CO2 injection for Enhanced Oil Recovery (EOR) is currently one of the most promising processes for additional oil retrieval. This case study outlines the design of a pilot project for CO2 injection in an oil field situated in eastern Venezuela. The study is centered around the J2L sand, which is part of the NIP-103 reservoir. Access the full paper here in the SPE Advanced Technology Series 2 (01): Paper SPE-23678-PA. If you need additional help or information regarding the NIP-103 project, please contact MineaOil Ltd.
Watch the video below, presented by Denbury Resources, to learn more about how CO2 is used in EOR:
Among the mechanisms that play a predominant role in increasing recovery by CO2 injection, the following stand out: reduction in viscosity, oil swelling, vaporization, miscible displacement effects, reduction in interfacial tension, increase in injectivity, etc.

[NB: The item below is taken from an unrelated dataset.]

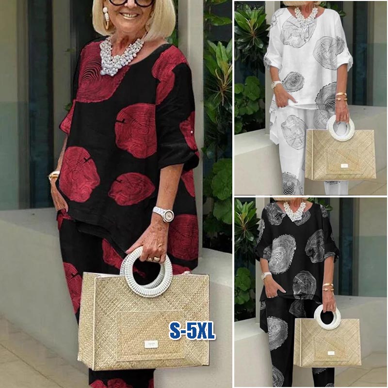 55 Menit Lalu50% off limited time,Wanita Tracksuit Cetak Floral 2pcs Pants Musim panas Seting Kasual 3/4 Blouse Urban Suits Loose Matching Sets Outifits - beli satu gratis satu(2 sets)

When the CO2 injection process is miscible, key factors include the vaporization of the crude oil, the reduction of interfacial tension, and the development of a miscible front. On the other hand, if the process is immiscible, the reduction in viscosity and the swelling of the oil have the greatest influence.
The NIP-103 Reservoir is situated in the greater Oficina Area, near San Joaquín, in eastern Venezuela. It was discovered at the end of 1957, and most of its development took place during 1958.
The producing intervals of the wells in this field range from 8,280 to 8,480 feet. The reservoir, a schematic isopach map shown in the image below, is limited to the north by a water/oil contact (WOC) at 7,725 feet below sea level, while the rest of the deposit is confined by the thinning of the sands.
The detailed laboratory tests conducted to identify potential issues of incompatibility between CO2, the rock, and the fluids in the reservoir indicate that no problems are anticipated due to asphaltene precipitation when the crude oil comes into contact with CO2 under reservoir conditions.
Finally, tests were conducted to detect any incompatibility between the formation water and CO2. During these tests, no precipitate was found that could cause issues at the reservoir level.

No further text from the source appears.